** Opening Dataset section block **

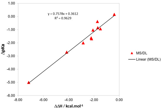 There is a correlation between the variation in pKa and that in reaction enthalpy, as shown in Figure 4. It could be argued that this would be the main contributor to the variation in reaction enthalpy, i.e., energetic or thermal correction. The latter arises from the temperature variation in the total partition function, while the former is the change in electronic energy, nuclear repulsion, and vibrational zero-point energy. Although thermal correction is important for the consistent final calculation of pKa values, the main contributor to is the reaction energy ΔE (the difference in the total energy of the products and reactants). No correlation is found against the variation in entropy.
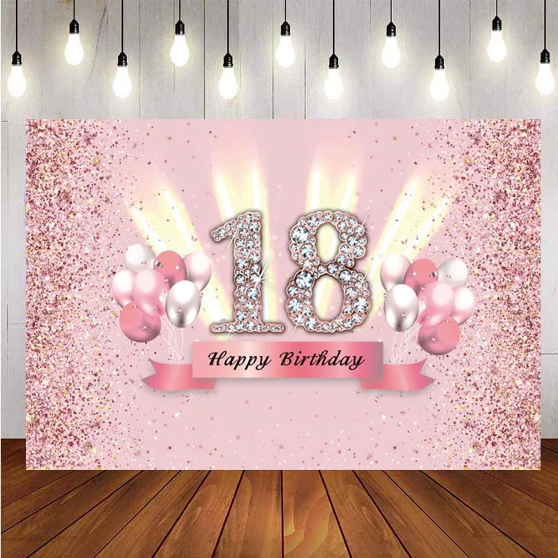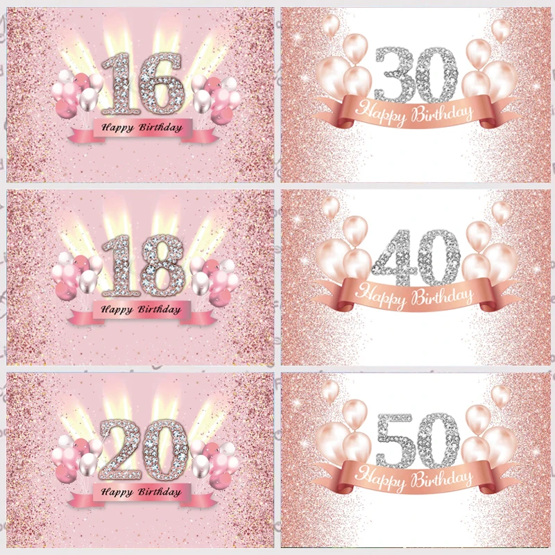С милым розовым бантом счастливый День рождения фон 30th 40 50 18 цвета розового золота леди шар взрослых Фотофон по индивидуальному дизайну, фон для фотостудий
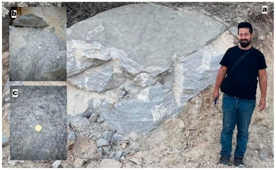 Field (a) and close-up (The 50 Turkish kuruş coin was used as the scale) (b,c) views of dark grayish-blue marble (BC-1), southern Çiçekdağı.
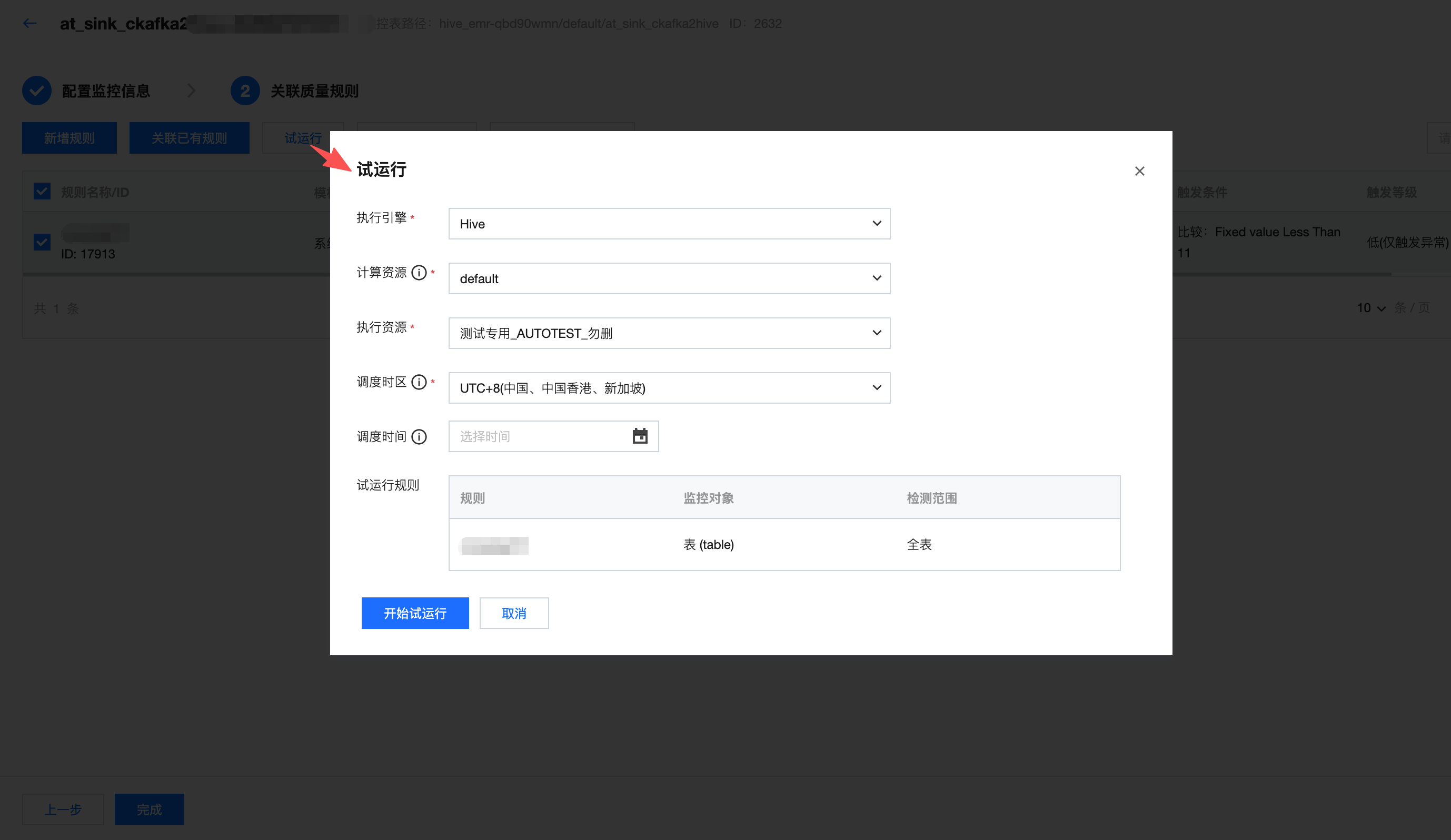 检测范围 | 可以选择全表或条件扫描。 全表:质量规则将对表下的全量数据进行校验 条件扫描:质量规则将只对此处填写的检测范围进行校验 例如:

** Closing Dataset section block **

◆ **Exercise goal**
What you need to retype is every line from the one that has "С милым розовым" through the last line of the listing, both included, with the pictures left out.

◆ **Solution**
С милым розовым бантом счастливый День рождения фон 30th 40 50 18 цвета розового золота леди шар взрослых Фотофон по индивидуальному дизайну, фон для фотостудий
 Field (a) and close-up (The 50 Turkish kuruş coin was used as the scale) (b,c) views of dark grayish-blue marble (BC-1), southern Çiçekdağı.
 检测范围 | 可以选择全表或条件扫描。 全表:质量规则将对表下的全量数据进行校验 条件扫描:质量规则将只对此处填写的检测范围进行校验 例如:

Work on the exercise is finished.